Nessa região tivemos em 2006 uma safra fenomenal, talvez a melhor dos últimos 20 anos. Vinho muito agradável, rico, saboroso e de certa maneira, apesar de jovem, fácil de beber. Seu blend é composto por 40% Cabernet Sauvignon, 10% Cabernet Franc e 50% Merlot. O vinho estava tão especial que me fez refletir que estava a frente de um blend de Pauillac (Medoc/Margem esquerda do Gironde) e um Pomerol (margem direita), uma alusão ao melhor Cabernet do mundo, de Pauillac, e o melhor Merlot do mundo, que vem de Pomerol.

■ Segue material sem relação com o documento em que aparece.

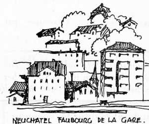
NEUCHÂTEL FAUBOURG DE LA GARE.

Frappée par l'industrie, elle est achevée par le commerce et la spéculation. Le capital commande. Il faut « renter ». On mesure la distance qui sépare la Sainte Chapelle d'une maison locative.
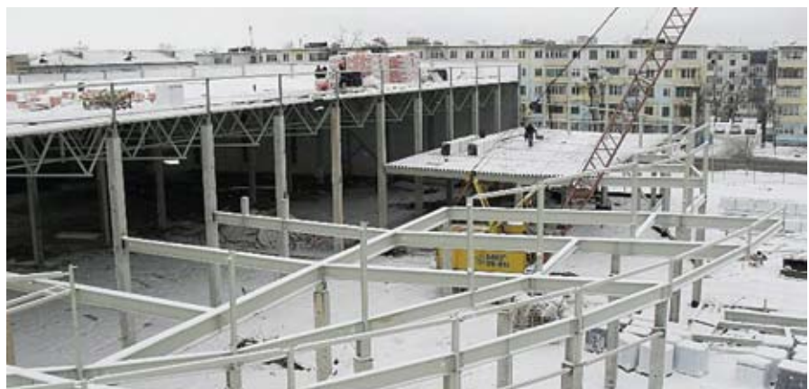
Строительство торгово-развлекательного центра в городе Солигорск (Республика Беларусь).

В Норвегии продолжатся работы по строительству гимназии и ресторана.
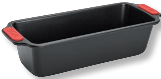
Stampo per pane WLL WB03
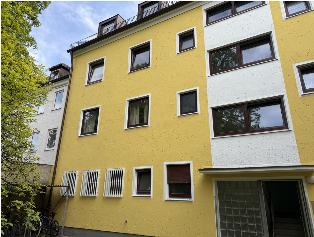
Laden im EG Gebäude Rückseite
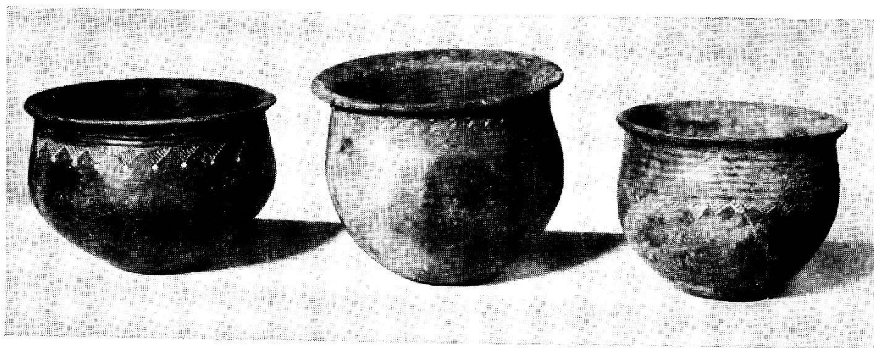
Avenches. — Station de l'Eau-Noire. Poterie noire à décor incisé.
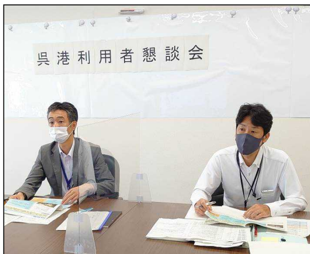
[中国地方整備局港湾空港部会議室]
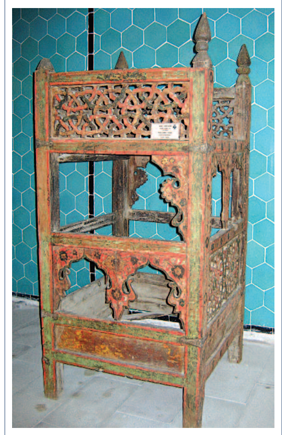
Sahip Ata Vakıf Müzesi Vaaz Kürsüsü

Müzedeki sergilenen bir diğer grup ise, arşiv vesikaları ve hat levha eserlerdir. Osmanlı son dönem hat örneklerinin yer aldığı hat eserler, ayet, hadis, Hz. Peygamber'in ve Hz. Mevlana'nın isimleri ile yazılmış örnekler yer almaktadır. Hat örneklerin kimi ahşap üzerine boyama ve kakma; bez üzerine astar veya iplikle işleme şeklinde tasarlanmıştır. Arşiv vesikaları içerisinde ise Sultan III. Selim ve Sultan Abdülaziz'in tuğralarının yer aldığı vakfiye, ferman ve beratlar yer almaktadır. Ayrıca Hz. Mevlana'nın anesi için yazılmış bir de methiye yer almaktadır. Bu eserlerin dışında müzede; oldukça ilgi çeken yer ve duvar saati örneklerinin yanı sıra Tekke Sancağı, Kapılık (Sera Perde) ve keçe seccade ve Sakalı Şerif, Kâbe örtüsü gibi kutsal emanetlerde bulunmaktadır.
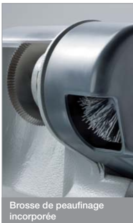
Brosse de peaufinage incorporée
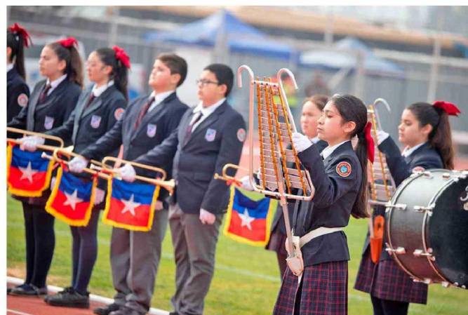
Fue una grata jornada de Concurso de Bandas Escolares de Guerra.
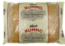
AMBIANT SPAGHETTI N°5 RUMMO 3 KGS Code: 203028
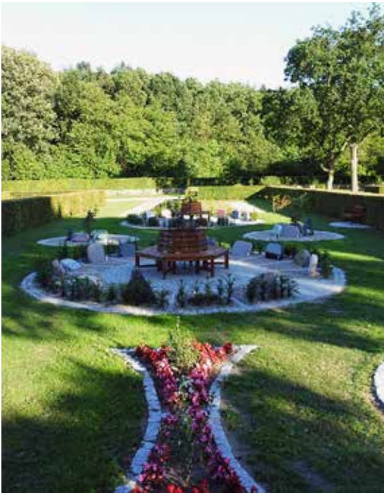
Urnelunden på Brøndbyvester nye kirkegård er blevet så populær, at der i år er lavet en ny afdeling magen til.

O Camarcanda Ca’Marcanda é vinho o topo de linha dessa propriedade que ainda produz o excelente Magari e o versátil Promis.

Na seqüência tivemos uma aula sobre os grandes vinhos do Piemonte, onde o destaque é mesmo a casta Nebbiolo. O ultra jovem Barbaresco 2005 estava muito fechado no inicio, mas com o passar do tempo na taça vai se transformando. É um extrato de elegância e de sobriedade, mesmo como Marcello Mastroianni.

Sua profundidade impressiona. É um tinto que irá continuar evoluindo por mais 15 anos na garrafa. Após o Nebbiolo in purezza chegou a mesa o irmão, o Sperss 2005, um Nebbiolo com um toque de Barbera (6%). Aromas espetaculares. Ainda mais profundo que o Barbaresco, apresentando mais frescor e alegria.

Vinhedo Sperss em Barolo

Apesar de sua juventude seus taninos estavam polidos. Por ter sido degustado ao lado de outros grandes vinhos, esse vinho se situa mesmo entre os melhores e mais longevos vinhos de toda Itália. Tive a honra de degustar diversas safras dessa obra prima e nunca pontuei um Sperss com menos de 94 pontos. Os mais espetaculares degustados foram o 1989, 1990, 1996, 1999 e 2001.

O ultimo tinto piemontês foi o Conteisa Langhe 2001 elaborado com Nebbiolo e 8% de Barbera provenientes da macro região de Barolo, mais precisamente de La Morra. Com nítida evolução se comparado com os outros irmãos mais jovens 4 anos, estava preciso, mostrando excelente carga de fruta e muito equilíbrio. Para fechar o jantar tivemos o Brunello di Montalcino Sugarille 2000, esse mais um varietal, pois é produzido (obrigatoriamente) com 100% de Sangiovese Grosso.

Não podemos deixar de ressaltar que tínhamos à mesa uma grande rivalidade, pois são, sem duvida, a Nebbiolo e a Sangiovese as 2 castas mais importantes de toda a Italia e que levaram os vinhos italianos a fama que tem mundo afora. São de estilos diferentes, com a Sangiovese sempre produzindo vinhos mais alegres e suculentos, enquanto a Nebbbiolo é responsável pelos mais elegantes e ricos tintos da bota.

O Sugarille 2000 comprovou mesmo a característica da casta, pois estava sucuelento e cheio de vida. Um Brunello moderno e muito gostoso. Normalmente os Brunellos são vinhos que demoram muito para amadurecer. Angelo e seu enólogo Guido Rivella estão mudando isso e mostrando ao mundo que podemos sim ter Brunello’s deliciosos ainda enquanto jovens.